= Beginning of Section =
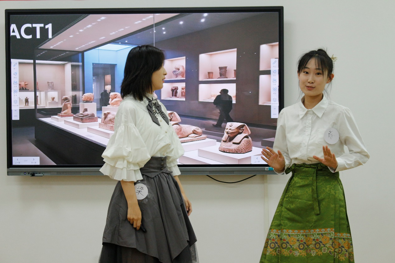 校赛以英语为参赛语种,包括初赛和决赛两个环节,分别为跨文化交际案例开发与展析和名言名句解读。在跨文化交际案例开发与展析环节,15个参赛团队各显神通,精心选取教育、医疗、旅游、社交等丰富多样的跨文化场景,巧妙运用服装道具,营造身临其境感,全方位展现跨文化交际中的精彩瞬间与潜在挑战;进而,通过深入分析案例背后的文化根源、价值观差异和沟通障碍,参赛团队不仅展示了扎实的理论功底,更展现出独到的解决思路和创新思维,为化解真实场景中的跨文化冲突提供了有益借鉴。经过初赛的激烈角逐,评分最高的王景瑶、武千越、张珈瑜团队,李嘉璐、郭琰、郭鑫炜团队,和张阳希、孙可馨、洪家善团队成功突围,名列前三,晋级决赛。
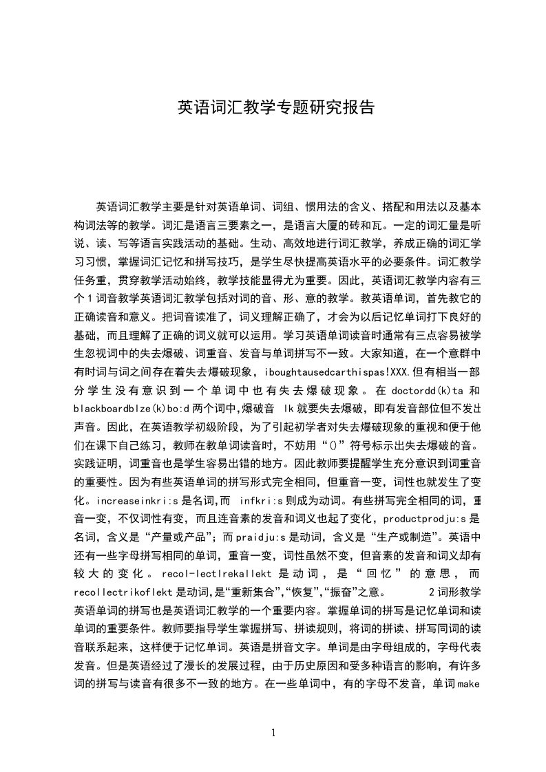 英语词汇教学主要是针对英语单词、词组、惯用法的含义、搭配和用法以及基本构词法等的教学。词汇是语言三要素之一,是语言大厦的砖和瓦。一定的词汇量是听、说、读、写等语言实践活动的基础。生动、高效地进行词汇教学,养成正确的词汇学习习惯,掌握词汇记忆和拼写技巧,是学生尽快提高英语水平的必要条件。词汇教学任务重,贯穿教学活动始终,教学技能显得尤为重要。因此,英语词汇教学内容有三个1词音教学英语词汇教学包括对词的音、形、意的教学。教英语单词,首先教它的正确读音和意义。把词音读准了,词义理解正确了,才会为以后记忆单词打下良好的基础,而且理解了正确的词义就可以运用。学习英语单词读音时通常有三点容易被学生忽视词中的失去爆破、词重音、发音与单词拼写不一致。大家知道,在一个意群中有时词与词之间存在着失去爆破现象,iboughtausedcarthispas!XXX.但有相当一部分学生没有意识到一个单词中也有失去爆破现象。在doctordd(k)ta和blackboardblze(k)bo:d两个词中,爆破音lk就要失去爆破,即有发音部位但不发出声音。因此,在英语教学初级阶段,为了引起初学者对失去爆破现象的重视和便于他们在课下自己练习,教师在教单词读音时,不妨用“()”符号标示出失去爆破的音。实践证明,词重音也是学生容易出错的地方。因此教师要提醒学生充分意识到词重音的重要性。因为有些英语单词的拼写形式完全相同,但重音一变,词性也就发生了变化。increaseinkri:s是名词,而infkri:s则成为动词。有些拼写完全相同的词,重音一变,不仅词性有变,而且连音素的发音和词义也起了变化,productprodju:s是名词,含义是“产量或产品”;而praidju:s是动词,含义是“生产或制造”。英语中还有一些字母拼写相同的单词,重音一变,词性虽然不变,但音素的发音和词义却有较大的变化。recol-lectlrekallekt是动词,是“回忆”的意思,而recollectrikoflekt是动词,是“重新集合”,“恢复”,“振奋”之意。2词形教学英语单词的拼写也是英语词汇教学的一个重要内容。掌握单词的拼写是记忆单词和读单词的重要条件。教师要指导学生掌握拼写、拼读规则,将词的拼读、拼写同词的读音联系起来,这样便于记忆单词。英语是拼音文字。单词是由字母组成的,字母代表发音。但是英语经过了漫长的发展过程,由于历史原因和受多种语言的影响,有许多词的拼写与读音有很多不一致的地方。在一些单词中,有的字母不发音,单词make和late中e不发音。然而,有时一个字母却代表几种不同的发音,如元音字母o就有几种不同的读音,homehaum,hothot,whosehuz,bottomibdtam。有时两个发音又代表多种不同的字母或字母组合,元音3u可代表note中o的发音,boat中oa的发音,glow中ow的发音等。这种音形不一致的情况是学生学习和记忆单词的难点,也是教师进行词汇教学的重点。这并不是说英语单词的拼写与读音是没有规律的,相反,大部分的英语单词的拼写和读音是有规律可循的。人们在长期使用和学习英语语言的过程中,总结出了一些读音规则。教师在英语词汇教学中,要注意引导学生将单词与读音规则结合起来学习,运用拼读规则,按照音节读单词,以提高学生记单词的速度。3词义教学对学生来说,词汇学习指的是学习单词代表什么意义。词汇教学和学习的目的是把词汇变成有意义的刺激,使之与一定的概念联系起来。章兼中说,任何语言的单词都是代表主观世界和客观世界的概念。这种代表关系是约定俗成的。然而,各种语言中的词汇所代表的概念不完全相同,比如汉语和英语单词所代表的概念之间的关系有以下两种有些英语单词和彝语词所代表的概念完全相同。有些英语单词,一个词可以代表彝语中的几个不同的概念,如英语的grandfather代表汉语的“祖父,外祖父,老大爷”;英语的uncle代表汉语的“叔父,伯父,舅父,姑父,姨父”等。可见,英汉两种语言中除了部分单词所代表的概念完全相同外,其余单词则代表着不完全相同的概念体系。因此,章兼中说,教词汇的意义就是要指出两种语言词汇所代表的共同概念体系和不同的概念体系的区别;掌握两种语言词汇的个性与共性,使学生逐渐形成既要与母语不同的概念体系,又要在其基础上形成相对应的交叉联想体系。
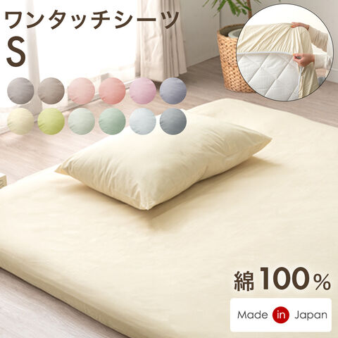 選べる12色 日本製 綿100% ワンタッチシーツ 敷布団カバー シングル 敷布団 カバー ベッドシーツ ベッドカバー ワンタッチシーツ 洗える コットン 国産 おしゃれ 22700128〔クリームベージュ〕
= End of Section =
Write out the material exactly as it stands, omitting every picture.

 校赛以英语为参赛语种,包括初赛和决赛两个环节,分别为跨文化交际案例开发与展析和名言名句解读。在跨文化交际案例开发与展析环节,15个参赛团队各显神通,精心选取教育、医疗、旅游、社交等丰富多样的跨文化场景,巧妙运用服装道具,营造身临其境感,全方位展现跨文化交际中的精彩瞬间与潜在挑战;进而,通过深入分析案例背后的文化根源、价值观差异和沟通障碍,参赛团队不仅展示了扎实的理论功底,更展现出独到的解决思路和创新思维,为化解真实场景中的跨文化冲突提供了有益借鉴。经过初赛的激烈角逐,评分最高的王景瑶、武千越、张珈瑜团队,李嘉璐、郭琰、郭鑫炜团队,和张阳希、孙可馨、洪家善团队成功突围,名列前三,晋级决赛。
 英语词汇教学主要是针对英语单词、词组、惯用法的含义、搭配和用法以及基本构词法等的教学。词汇是语言三要素之一,是语言大厦的砖和瓦。一定的词汇量是听、说、读、写等语言实践活动的基础。生动、高效地进行词汇教学,养成正确的词汇学习习惯,掌握词汇记忆和拼写技巧,是学生尽快提高英语水平的必要条件。词汇教学任务重,贯穿教学活动始终,教学技能显得尤为重要。因此,英语词汇教学内容有三个1词音教学英语词汇教学包括对词的音、形、意的教学。教英语单词,首先教它的正确读音和意义。把词音读准了,词义理解正确了,才会为以后记忆单词打下良好的基础,而且理解了正确的词义就可以运用。学习英语单词读音时通常有三点容易被学生忽视词中的失去爆破、词重音、发音与单词拼写不一致。大家知道,在一个意群中有时词与词之间存在着失去爆破现象,iboughtausedcarthispas!XXX.但有相当一部分学生没有意识到一个单词中也有失去爆破现象。在doctordd(k)ta和blackboardblze(k)bo:d两个词中,爆破音lk就要失去爆破,即有发音部位但不发出声音。因此,在英语教学初级阶段,为了引起初学者对失去爆破现象的重视和便于他们在课下自己练习,教师在教单词读音时,不妨用“()”符号标示出失去爆破的音。实践证明,词重音也是学生容易出错的地方。因此教师要提醒学生充分意识到词重音的重要性。因为有些英语单词的拼写形式完全相同,但重音一变,词性也就发生了变化。increaseinkri:s是名词,而infkri:s则成为动词。有些拼写完全相同的词,重音一变,不仅词性有变,而且连音素的发音和词义也起了变化,productprodju:s是名词,含义是“产量或产品”;而praidju:s是动词,含义是“生产或制造”。英语中还有一些字母拼写相同的单词,重音一变,词性虽然不变,但音素的发音和词义却有较大的变化。recol-lectlrekallekt是动词,是“回忆”的意思,而recollectrikoflekt是动词,是“重新集合”,“恢复”,“振奋”之意。2词形教学英语单词的拼写也是英语词汇教学的一个重要内容。掌握单词的拼写是记忆单词和读单词的重要条件。教师要指导学生掌握拼写、拼读规则,将词的拼读、拼写同词的读音联系起来,这样便于记忆单词。英语是拼音文字。单词是由字母组成的,字母代表发音。但是英语经过了漫长的发展过程,由于历史原因和受多种语言的影响,有许多词的拼写与读音有很多不一致的地方。在一些单词中,有的字母不发音,单词make和late中e不发音。然而,有时一个字母却代表几种不同的发音,如元音字母o就有几种不同的读音,homehaum,hothot,whosehuz,bottomibdtam。有时两个发音又代表多种不同的字母或字母组合,元音3u可代表note中o的发音,boat中oa的发音,glow中ow的发音等。这种音形不一致的情况是学生学习和记忆单词的难点,也是教师进行词汇教学的重点。这并不是说英语单词的拼写与读音是没有规律的,相反,大部分的英语单词的拼写和读音是有规律可循的。人们在长期使用和学习英语语言的过程中,总结出了一些读音规则。教师在英语词汇教学中,要注意引导学生将单词与读音规则结合起来学习,运用拼读规则,按照音节读单词,以提高学生记单词的速度。3词义教学对学生来说,词汇学习指的是学习单词代表什么意义。词汇教学和学习的目的是把词汇变成有意义的刺激,使之与一定的概念联系起来。章兼中说,任何语言的单词都是代表主观世界和客观世界的概念。这种代表关系是约定俗成的。然而,各种语言中的词汇所代表的概念不完全相同,比如汉语和英语单词所代表的概念之间的关系有以下两种有些英语单词和彝语词所代表的概念完全相同。有些英语单词,一个词可以代表彝语中的几个不同的概念,如英语的grandfather代表汉语的“祖父,外祖父,老大爷”;英语的uncle代表汉语的“叔父,伯父,舅父,姑父,姨父”等。可见,英汉两种语言中除了部分单词所代表的概念完全相同外,其余单词则代表着不完全相同的概念体系。因此,章兼中说,教词汇的意义就是要指出两种语言词汇所代表的共同概念体系和不同的概念体系的区别;掌握两种语言词汇的个性与共性,使学生逐渐形成既要与母语不同的概念体系,又要在其基础上形成相对应的交叉联想体系。
 選べる12色 日本製 綿100% ワンタッチシーツ 敷布団カバー シングル 敷布団 カバー ベッドシーツ ベッドカバー ワンタッチシーツ 洗える コットン 国産 おしゃれ 22700128〔クリームベージュ〕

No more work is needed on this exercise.